My 3.5 year old watches a programme called Moon & Me, designed for bedtime. The premise is simple – a young child says good night to all the toys in her dolls’ house, and goes to bed. Little does she realise, her toys come to life at night time, and her toy Pepi Nana writes to the Moon Baby asking if he’d like a story. Then, they wake all of the toys in the house up and they all tell the most wonderful, surreal stories before going back to bed. Moon Baby then chimes on his special instrument (the magical Kalimba), gets into his space suit, and flies back to the moon.
A lot of parents complain about watching programmes with their kids – how Peppa Pig is about to drive them to commit murder. I understand – some programmes are absolutely unbearable and I am very guilty of vetting what my daughter watches so that I’m not pushed into that space (I learned the hard way not to allow a free for all on Netflix – she started watching an atrocious programme called Mini Force which seemed to completely sedate her brain and had ZERO education or meaning to it and was simply a time sink). It was entertainingly bad for one or two episodes, but the mum guilt soon took hold and I hated myself for allowing her wonderful brain to be dulled by such meaningless crap. I grew up with Thundercats, My Little Pony, The Legend of Prince Valiant – cartoons that had challenging questions about morality, lessons about tolerance, and occasional horror that scares me more today than it ever did when I was a young child.
Anyway, I’m always stunned by my response to certain things that she watches. The quiet, contemplative programmes have a strong effect on me. I find them comforting, and not at all silly. They are wonderful lessons in imaginative storytelling & the beauty of letting yourself wander in the realm of the fantastic for a while. There is something so soft about it all, so comforting, and peaceful. Amongst all of those feelings is a strange kind of sadness, perhaps a reflection of a childhood that I feel that I lost. An innocence and purity that I’m unsure I’ll ever be able to claim again now that I’m older, and fully aware of the less than ideal circumstances of my upbringing. I don’t know. Maybe it’s just the joy of seeing my daughter lost in such wonderful imaginary worlds, claiming some of that precious, pure investment in the magic of the unreal that young minds seem able to embrace so wholeheartedly, without any of the cynicism that plagues us as we get older.
Maybe it’s just the joy of seeing my daughter lost in such wonderful imaginary worlds, claiming some of that precious, pure investment in the magic of the unreal that young minds seem able to embrace so wholeheartedly, without any of the cynicism that plagues us as we get older.
Whatever it is, it’s powerful. Wonderful.
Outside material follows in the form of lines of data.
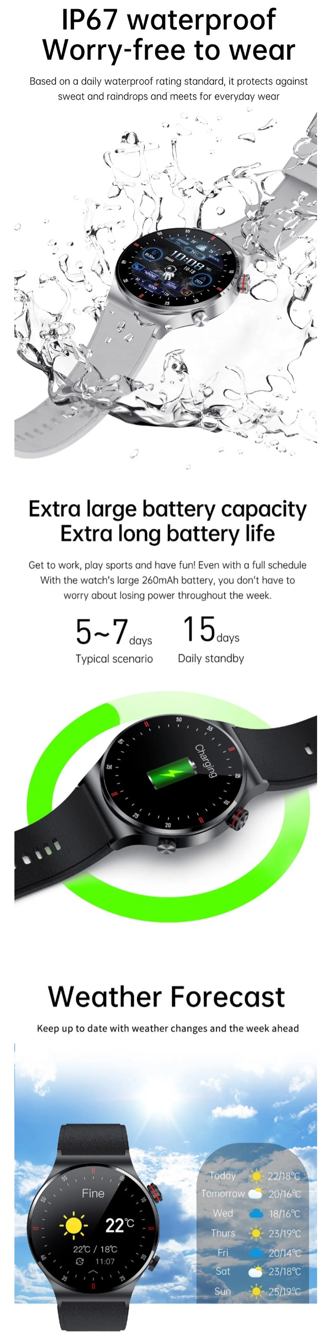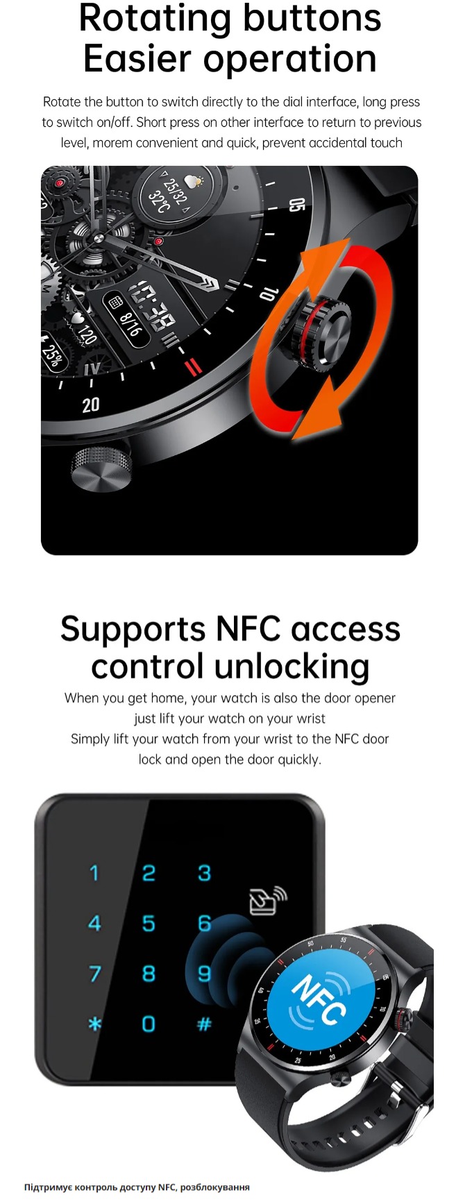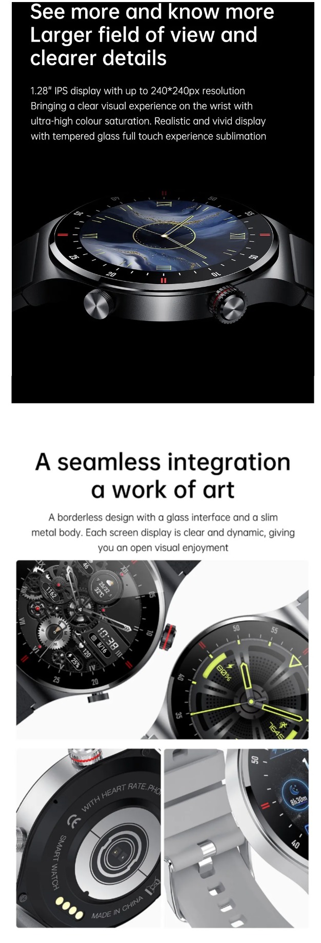 • IPS-матеріал екрану: насолоджуйтесь чітким і яскравим дисплеєм завдяки використанню IPS-матеріалу цього розумного годинника.
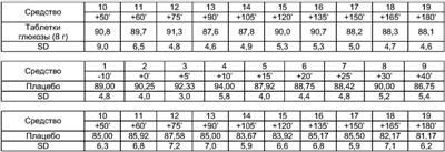 Пример 8: Сравнение таблеток глюкозы, 8 г, с композицией глюкозы, 8 г, и с плацебо
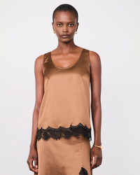 Regular fitted tank top with lace detail on bottom. - Slightly A-shaped - Deep front neckline - Matching skirt available - Italian fabric - Made in Portugal - Machine washable with similar colors, 30°. This product sizes normally, we advise you to take your usual size. Our model measures 1m75 and wears a size S. Exists in sizes XS to XL. REF: S26WTOP057
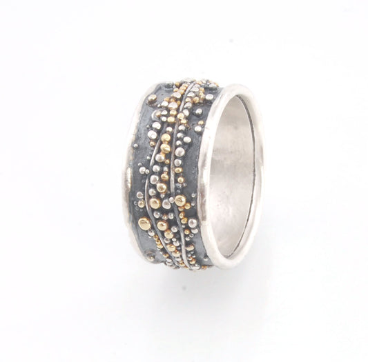 Cosmic Waves 18k and Fine Silver Granulation Ring - 7mm or 11mm wide
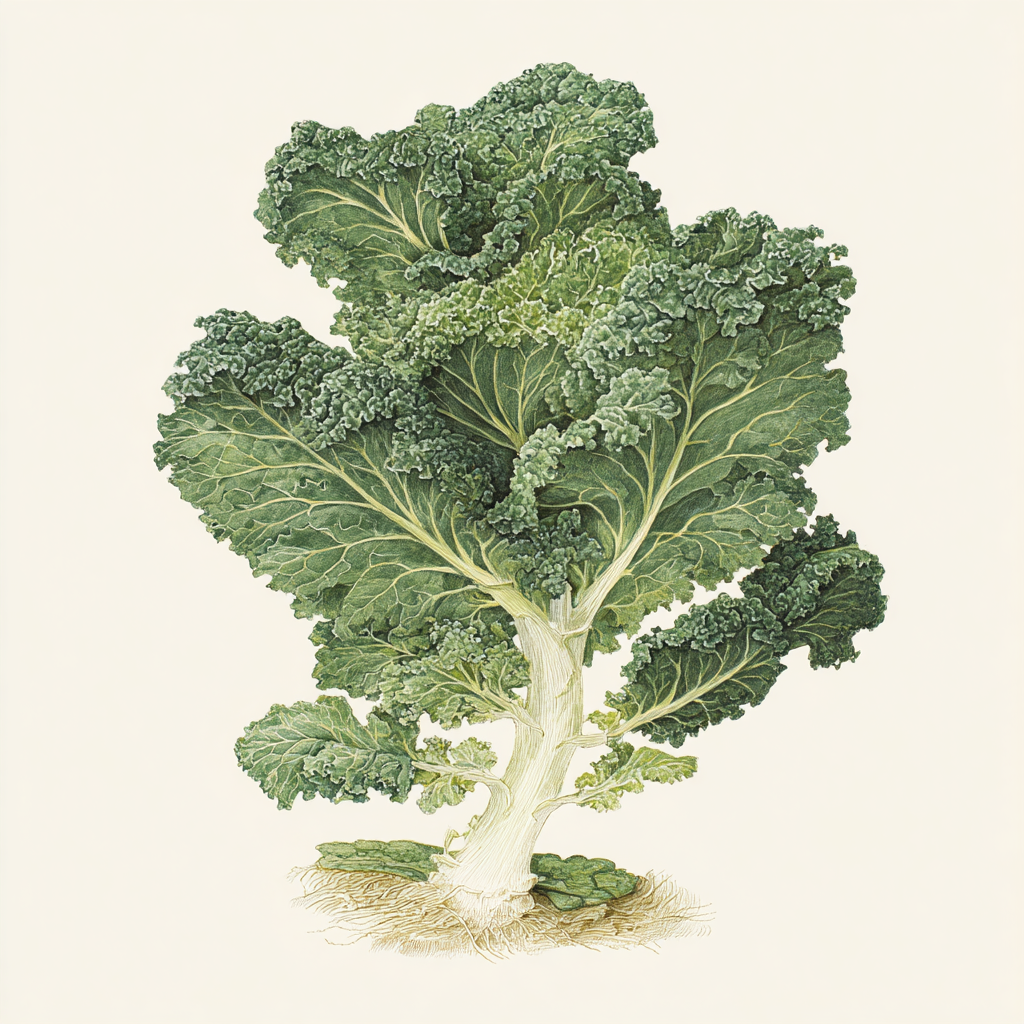 Brassica oleracea is one of the most extraordinary examples of artificial selection in botany - a single wild coastal species whose different cultivated forms include kale, cabbage, broccoli, cauliflower, kohlrabi, Brussels sprouts, and collard greens, each representing selection pressure applied to a different part of the plant over centuries. Wild Brassica oleracea still grows on the limestone sea cliffs of Britain and Brittany; it is a modest, unremarkable small shrub that gives little hint of its descendants. Kale and collard-type forms - selected for leafy growth rather than heads or modified flower buds - are among the oldest domesticated brassicas, likely cultivated around the Mediterranean from Greek and Roman times. In Scotland, kale was so fundamental to the peasant diet for centuries that the kitchen garden was called a kail yard, and the word kail was used generically for any cooked greens. The phrase "dinner o' kail" was simply the Scots word for the evening meal. The 21st-century kale revival - driven by interest in its glucosinolate chemistry, mineral density, and eye pigments - is historically unusual in restoring a medieval peasant staple to elite cultural status.
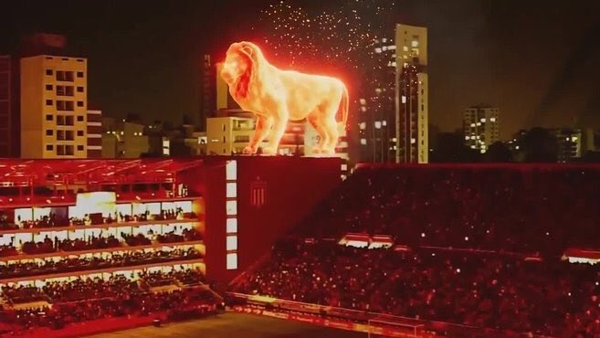 Un león de fuego, reproducido a través de un holograma, sorprendió a todos y caminó por sobre las tribunas.
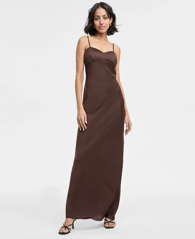 Seni & Cade Juniors' Pintuck Satin Sleeveless Column Gown
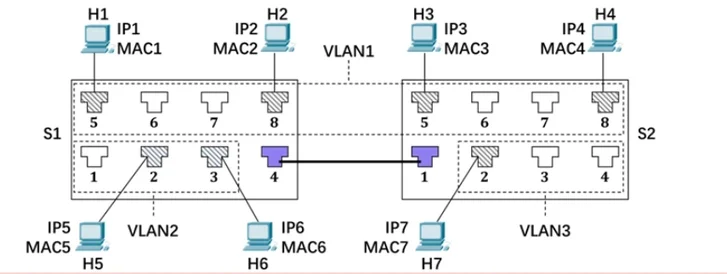 I. S1的接口4和S2的接口1的类型都需要设置为Trunk.
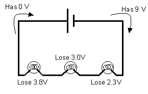 the voltage drops. The battery is 9.0V and the current is 0.75A. Tell me what
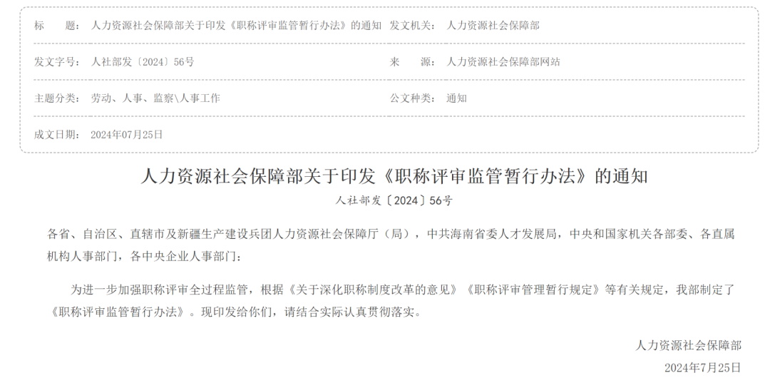 近日,人力资源社会保障部发布《职称评审监管暂行办法》(以下简称“办法”)。办法提出,对个人违规行为实行信用管理,职称评审中的失信行为将作为申报评审职称或参与职称评审工作的重要参考,严重失信行为将纳入职称申报评审失信黑名单并依法予以失信惩戒。对于与职称评审无关的中介等其他社会机构假借职称评审名义开展的违法违规活动,办法将其作为各地职称评审环境专项整治的重点内容,要求地方人社部门会同公安、市场监管、网信等部门依法对其进行处罚处置。
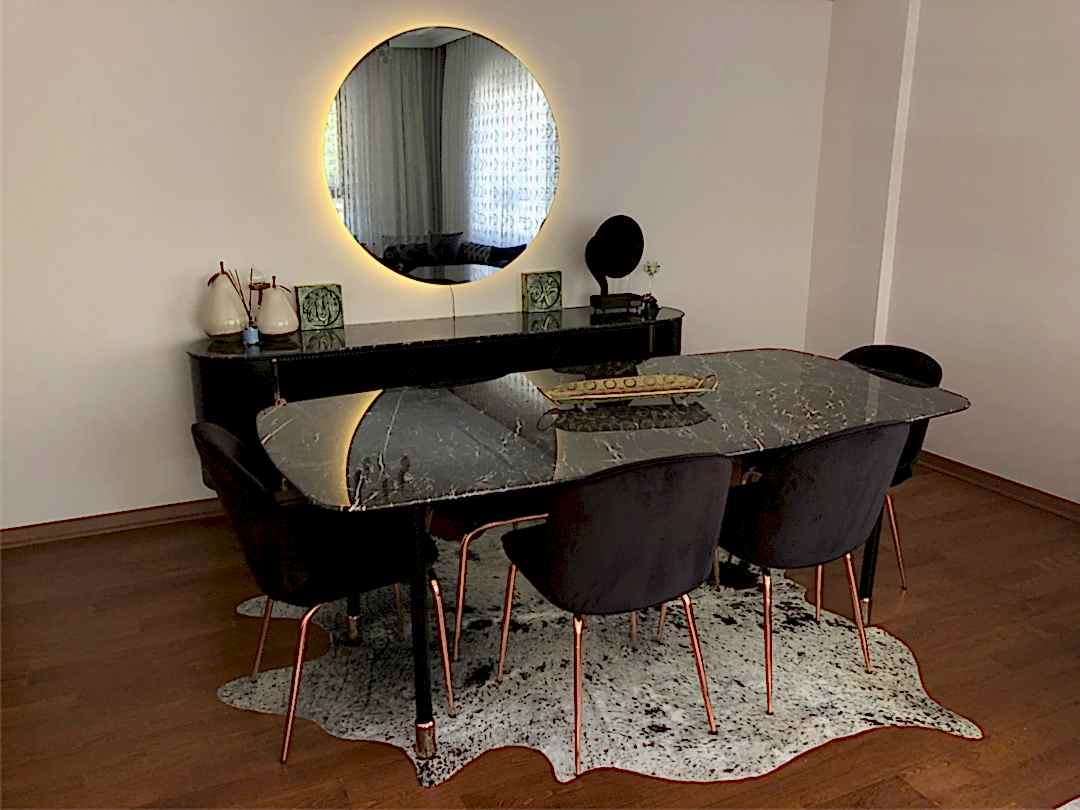 Mermer yemek odası takımı, mermer masa , mermer orta sehpa ve konsoldan oluşmaktadır. Seçtiğiniz mermer ile tüm ürünleri aynı mermer plakasından üretebiliriz.
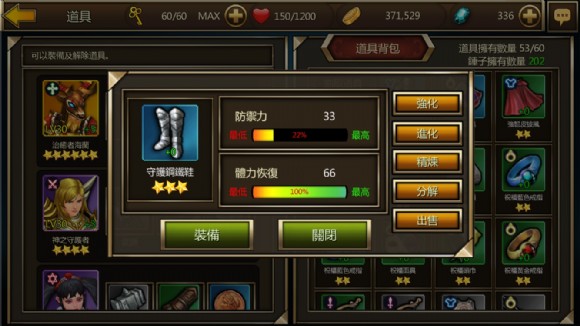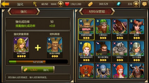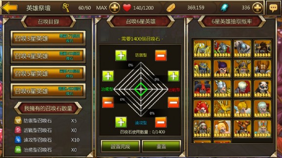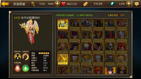 【圖三之一】蒐集越多的英雄能組合出越多功能的隊伍,玩家也就越能應對不同關卡的狀況。養成這些英雄是這款遊戲的核心玩法。
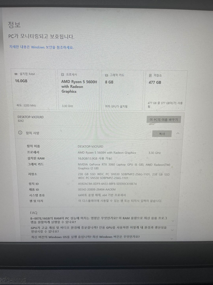 상품명 : 레노버 IdeaPad 게이밍 노트북 모델명 : LENOVO_MT_82K2_BU_idea_FM_IdeaPad Gaming 3 15ACH6 구매 시기 : 2023년도 12월 즈음 구매처 : 국내발매 사용 기간 : 대략 2년 하자 여부 : 노트북에 기본적으로 달려있는 키보드 몇몇개가 박살나있고 박살 나있는 부분 작동 안합니다 같은 게이밍 노트북이면 교환 가능 내장 그래픽 카드 NVIDIA GeForce RTX 3060 Laptop GPU , AMD Radeon(TM) Graphics ( 2 GB) 조금 과투자 해서 성능이 게임을 요즘 잘 안해서 저에게 조금 과분한것 같아 판매하기로 결정했습니다 가격 조정 가능하고 이상한분들 바로 차단입니다. 각종 인증 가능합니다
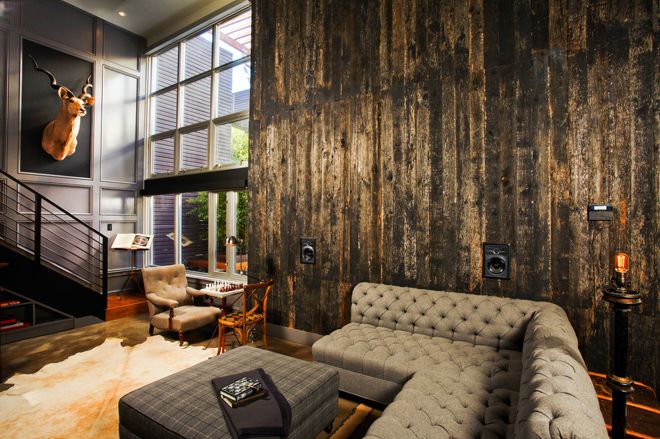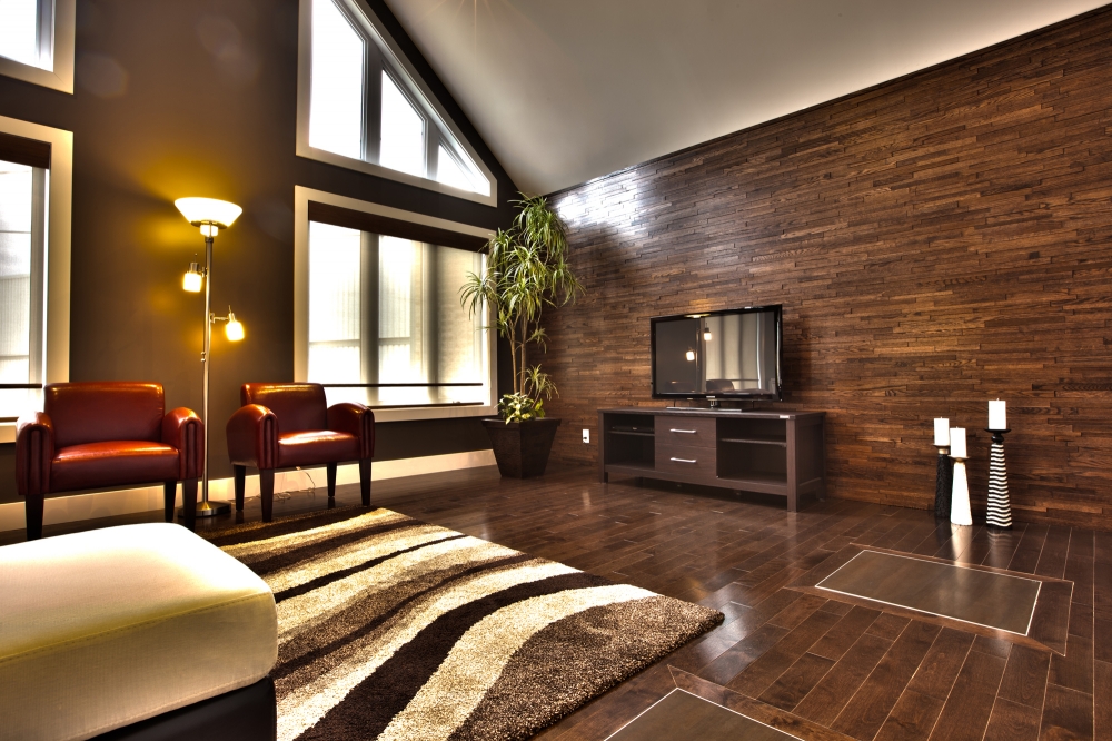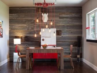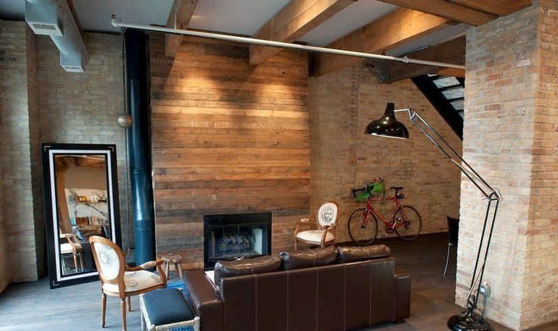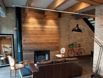 - Le panneau mural imitant un arbre se combine parfaitement avec une brique. Par conséquent, si la pièce est stylisée sous grenier, stratifié sur le mur sera une bonne solution. Étant donné que ce style se caractérise par un grand espace ouvert, le mur laminé aidera à créer un accent brillant et à délimiter la pièce.
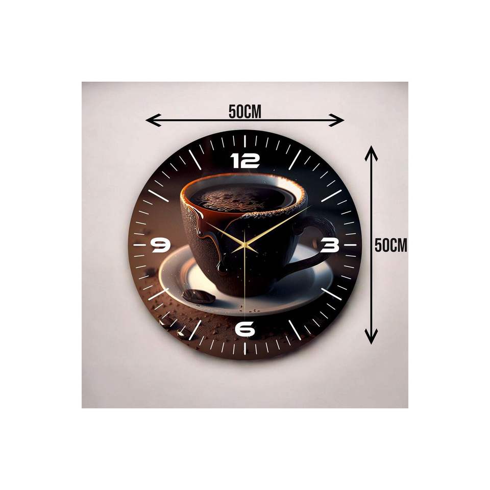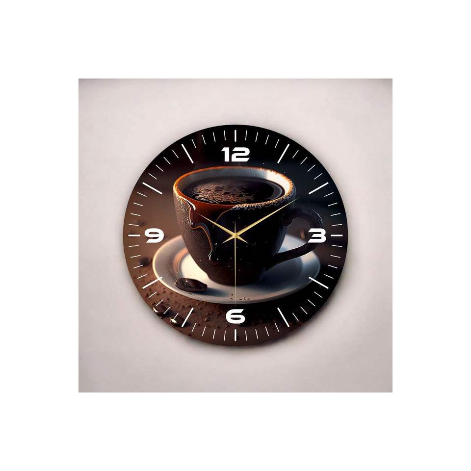 Reloj de Pared Redondo de Madera con Diseño de Café Colorido, 50 cm, Silencioso, Perfecto como Regalo
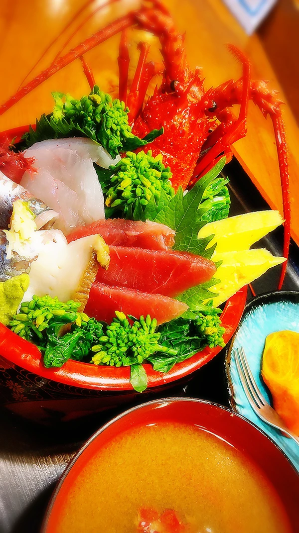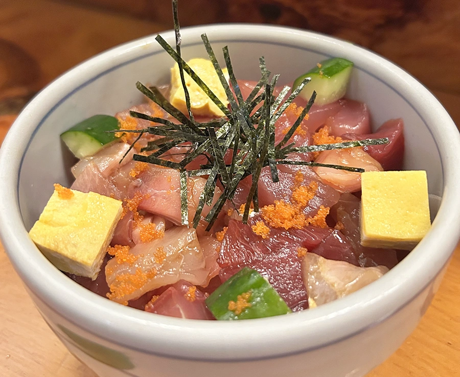 ブリ、鯛、マグロなど数種類の魚を贅沢に使用し、大小様々な大きさのサイコロ状にカットすることでバラエティ豊富な食感も楽しめる丼!季節によってマンボウも使用しています!海鮮の宝探し、やってみませんか?
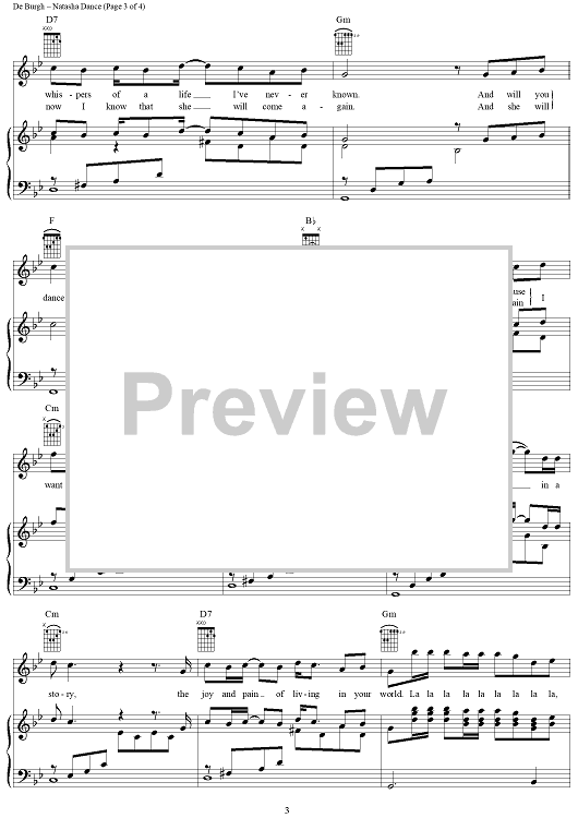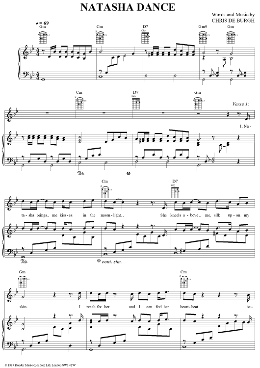 Digital Sheet Music for Natasha Dance by Chris DeBurgh scored for Piano/Vocal/Chords; id:241608

Are there any other parents out there who love to hunker down with their kids and lose themselves in an episode of Moon & Me, or take a trip to the Clangers Planet, holding back the tears as they share something otherworldly and magical with their bonkers preschooler?
As a side note and confession, I am guilty of actually enjoying Teletubbies. Well, I enjoy watching it with my daughter, because she gets SO MUCH JOY out of singing along to the opening and closing sequences! I sit there, conflicted, because I know that all of these programmes are manipulative, but equally, I wonder whether it’s worth worrying about– everything we consume is manipulative, right? Perhaps being manipulated by a programme where the sun is an actual baby is one of the better ways to let television get inside your head.